Friday, March 06, 2009

Observational Stopwatch, or, Hey, Let's All Pretend I Wrote a Real Post Today

My mornings are all the same. Get up, slam a fistful of Zyrtec (I am allergic to all known vegetation), flip on the Frankenkitchen, shower, dress, name my ensemble, spackle on some Clinique, toss in a few spritzes of perfume, roll out.

(Yes, I really do name my outfits. Today is, “Woodstock Xanadu,” yesterday was, “A Scarf Turns H&M Into Prada,” Wednesday was “Doctor Who Dominatrix.”)

I have a whole Observational Stopwatch system that tells me if I’m going to be late for work. If I’m on the elevator with the Milk Slurp Twins, I’m early. If I’m on with the Overly Friendly Howdy There, Lady Neighbor, I’m late.

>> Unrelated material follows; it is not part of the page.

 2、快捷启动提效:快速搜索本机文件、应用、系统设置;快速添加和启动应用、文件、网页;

My walk to the Metro has another stopwatch: Fleece With a Tie Guy. He got this name because, not surprisingly, he wears a fleece over his shirt and tie. I don’t know why I find it so distressing. First off, I have very, very few opinions on male fashion (manties, man-thongs and mandals: kill me now; well-made suit: hot). Second, it’s a rather nice fleece.

If I run into him within a block of the Metro, I'm on time. But I usually have to stop and ponder as to why he doesn’t own a proper overcoat. And that always makes me a minute or two late for work. Someday, in the pursuit of punctuality, I’ll stop and ask him. “Excuse me, sir, why don’t you have an overcoat? Did your wife not buy you one?” Oh, hell, then he’ll think I’m hitting on him. How do you ask someone why they don’t have a fairly mainstream article of clothing?

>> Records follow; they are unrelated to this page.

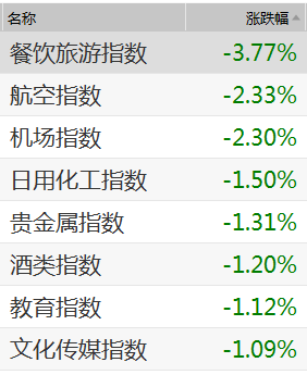 在毫无征兆的情况下,民航、酒店、影院等今日早盘全线下挫。Wind统计的餐饮旅游指数大跌3.77%,航空、机场等交通运输板块大跌逾2%,文化传媒板块内的影视股大跌。
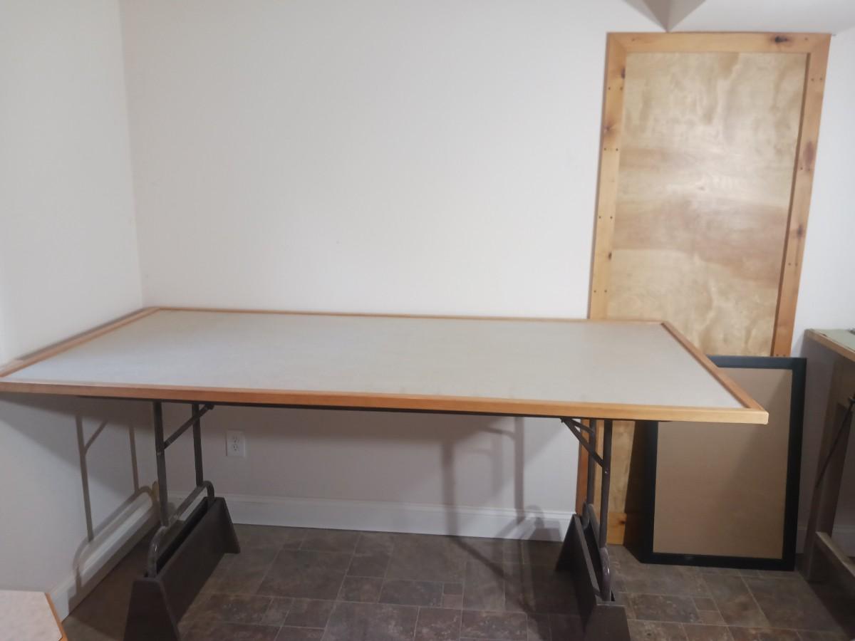 FOLDING PROJECT TABLE ON HANDMADE LIFT STANDS
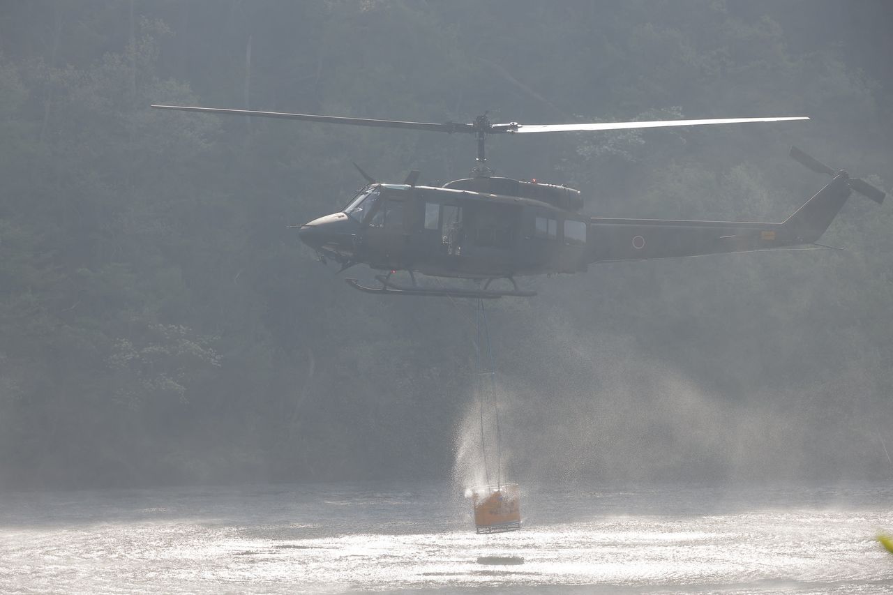 ▲山形縣、宮城縣、福島縣的3架防災直升機,以及陸上自衛隊的2架直升機,共5架直升機正在進行滅火作業。(圖/翻攝自X)
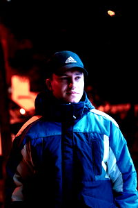 A close-up portrait of a person, captured in a dimly lit environment. The individual is looking downwards with a contemplative expression. Their attire appears to be casual and they seem absorbed in their own thoughts.
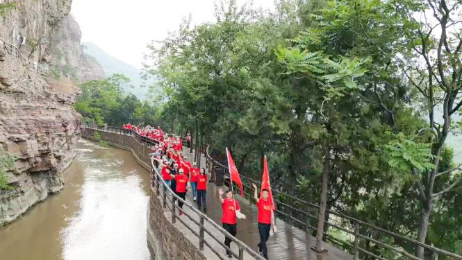 隨后,大家沿著紅飄帶來(lái)到了紅旗渠總干渠的咽喉工程——青年洞,通過(guò)聽(tīng)講解、觀實(shí)物、看實(shí)景、走長(zhǎng)渠等,切身實(shí)地感受紅旗渠精神的深刻內(nèi)涵。走在半個(gè)世紀(jì)前完工的紅旗渠邊,山壁上的一幅幅題字、一幕幕修渠場(chǎng)景次第呈現(xiàn),每個(gè)人都不禁感嘆先輩們“自力更生、艱苦創(chuàng)業(yè)、團(tuán)結(jié)協(xié)作、無(wú)私奉獻(xiàn)”的紅旗渠精神。通過(guò)實(shí)地的觀摩和學(xué)習(xí),大家真切地感受到了林州人民創(chuàng)業(yè)的艱苦,加深了對(duì)紅旗渠精神的認(rèn)識(shí)和理解,也更加堅(jiān)定了傳承和發(fā)揚(yáng)這一精神的信念。

Today was a little different, though. I was late because I saw a man pushing an empty stroller around, and I kept wondering if I should ask if he forgot his baby. How do you ask about that? “Does your wife have the baby?” Oh, hell, then he’ll think I’m hitting on him too, and my commute will be wall-to-wall sexual harassment lawsuits.

Lastly, I’m sad that my new job doesn’t entail the Homeless Fashion Police or One-Legged Pigeon of yesteryear. But I guess Fleece With a Tie Guy and Empty Stroller Daddy will have to do.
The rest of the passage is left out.